## PROBLEM TO WORK ON
Make an exact copy of the records, dropping all pictures.

═════ INPUT FOR THIS TASK ═════

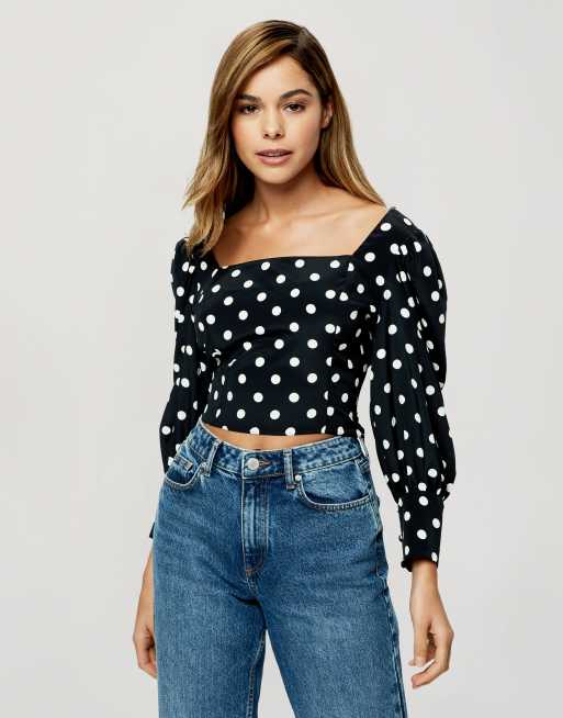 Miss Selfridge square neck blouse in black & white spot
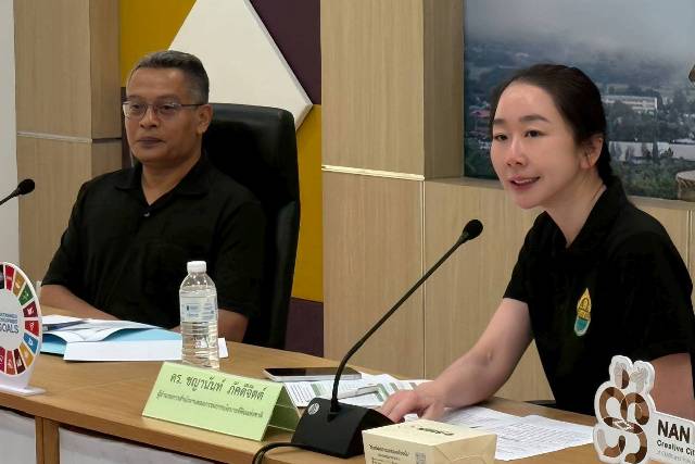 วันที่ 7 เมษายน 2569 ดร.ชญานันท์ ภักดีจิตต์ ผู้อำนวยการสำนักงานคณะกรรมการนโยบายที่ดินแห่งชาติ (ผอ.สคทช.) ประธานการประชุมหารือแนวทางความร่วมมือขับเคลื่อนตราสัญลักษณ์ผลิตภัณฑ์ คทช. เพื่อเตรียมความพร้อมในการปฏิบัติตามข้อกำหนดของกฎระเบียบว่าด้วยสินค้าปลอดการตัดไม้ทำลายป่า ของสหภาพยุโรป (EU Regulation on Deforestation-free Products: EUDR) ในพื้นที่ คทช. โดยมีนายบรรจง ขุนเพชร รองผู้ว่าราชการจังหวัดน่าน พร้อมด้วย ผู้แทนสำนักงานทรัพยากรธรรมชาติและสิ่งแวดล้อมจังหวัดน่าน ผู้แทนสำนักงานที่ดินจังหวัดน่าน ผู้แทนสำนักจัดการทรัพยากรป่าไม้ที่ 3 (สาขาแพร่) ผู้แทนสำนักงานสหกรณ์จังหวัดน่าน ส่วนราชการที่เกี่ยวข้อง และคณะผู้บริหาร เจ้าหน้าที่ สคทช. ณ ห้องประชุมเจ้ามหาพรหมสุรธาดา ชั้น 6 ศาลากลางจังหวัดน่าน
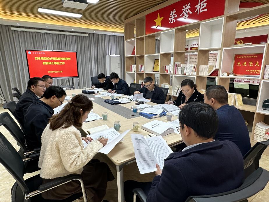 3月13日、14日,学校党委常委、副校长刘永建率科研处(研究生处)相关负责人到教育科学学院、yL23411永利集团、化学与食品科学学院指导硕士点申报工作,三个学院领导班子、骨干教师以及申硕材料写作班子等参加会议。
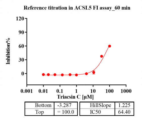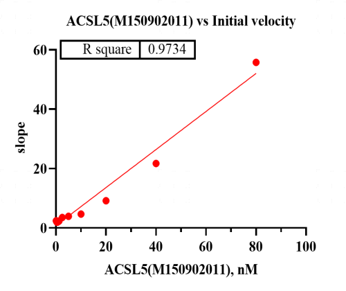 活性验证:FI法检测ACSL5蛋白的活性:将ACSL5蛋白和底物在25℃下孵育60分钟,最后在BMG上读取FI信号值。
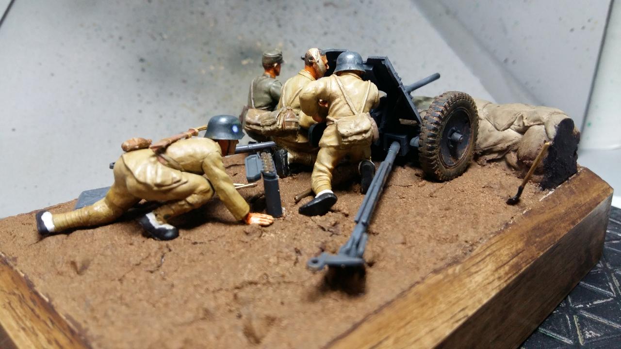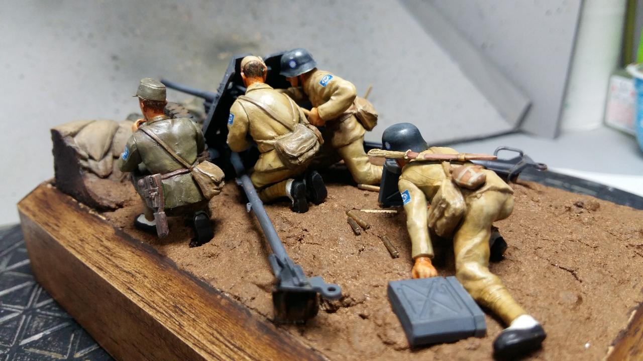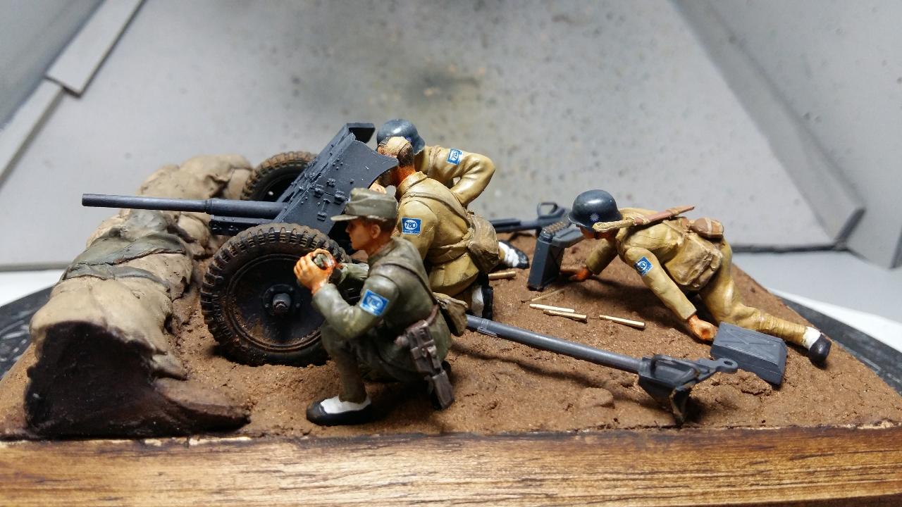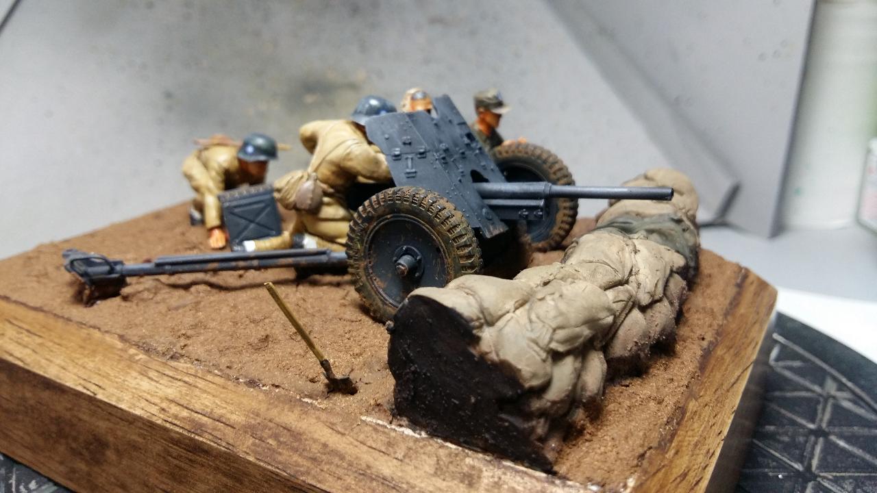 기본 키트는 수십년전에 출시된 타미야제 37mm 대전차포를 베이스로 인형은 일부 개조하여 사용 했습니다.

═════

## SOLUTION TO THIS PROBLEM
 Miss Selfridge square neck blouse in black & white spot
 วันที่ 7 เมษายน 2569 ดร.ชญานันท์ ภักดีจิตต์ ผู้อำนวยการสำนักงานคณะกรรมการนโยบายที่ดินแห่งชาติ (ผอ.สคทช.) ประธานการประชุมหารือแนวทางความร่วมมือขับเคลื่อนตราสัญลักษณ์ผลิตภัณฑ์ คทช. เพื่อเตรียมความพร้อมในการปฏิบัติตามข้อกำหนดของกฎระเบียบว่าด้วยสินค้าปลอดการตัดไม้ทำลายป่า ของสหภาพยุโรป (EU Regulation on Deforestation-free Products: EUDR) ในพื้นที่ คทช. โดยมีนายบรรจง ขุนเพชร รองผู้ว่าราชการจังหวัดน่าน พร้อมด้วย ผู้แทนสำนักงานทรัพยากรธรรมชาติและสิ่งแวดล้อมจังหวัดน่าน ผู้แทนสำนักงานที่ดินจังหวัดน่าน ผู้แทนสำนักจัดการทรัพยากรป่าไม้ที่ 3 (สาขาแพร่) ผู้แทนสำนักงานสหกรณ์จังหวัดน่าน ส่วนราชการที่เกี่ยวข้อง และคณะผู้บริหาร เจ้าหน้าที่ สคทช. ณ ห้องประชุมเจ้ามหาพรหมสุรธาดา ชั้น 6 ศาลากลางจังหวัดน่าน
 3月13日、14日,学校党委常委、副校长刘永建率科研处(研究生处)相关负责人到教育科学学院、yL23411永利集团、化学与食品科学学院指导硕士点申报工作,三个学院领导班子、骨干教师以及申硕材料写作班子等参加会议。
 活性验证:FI法检测ACSL5蛋白的活性:将ACSL5蛋白和底物在25℃下孵育60分钟,最后在BMG上读取FI信号值。
 기본 키트는 수십년전에 출시된 타미야제 37mm 대전차포를 베이스로 인형은 일부 개조하여 사용 했습니다.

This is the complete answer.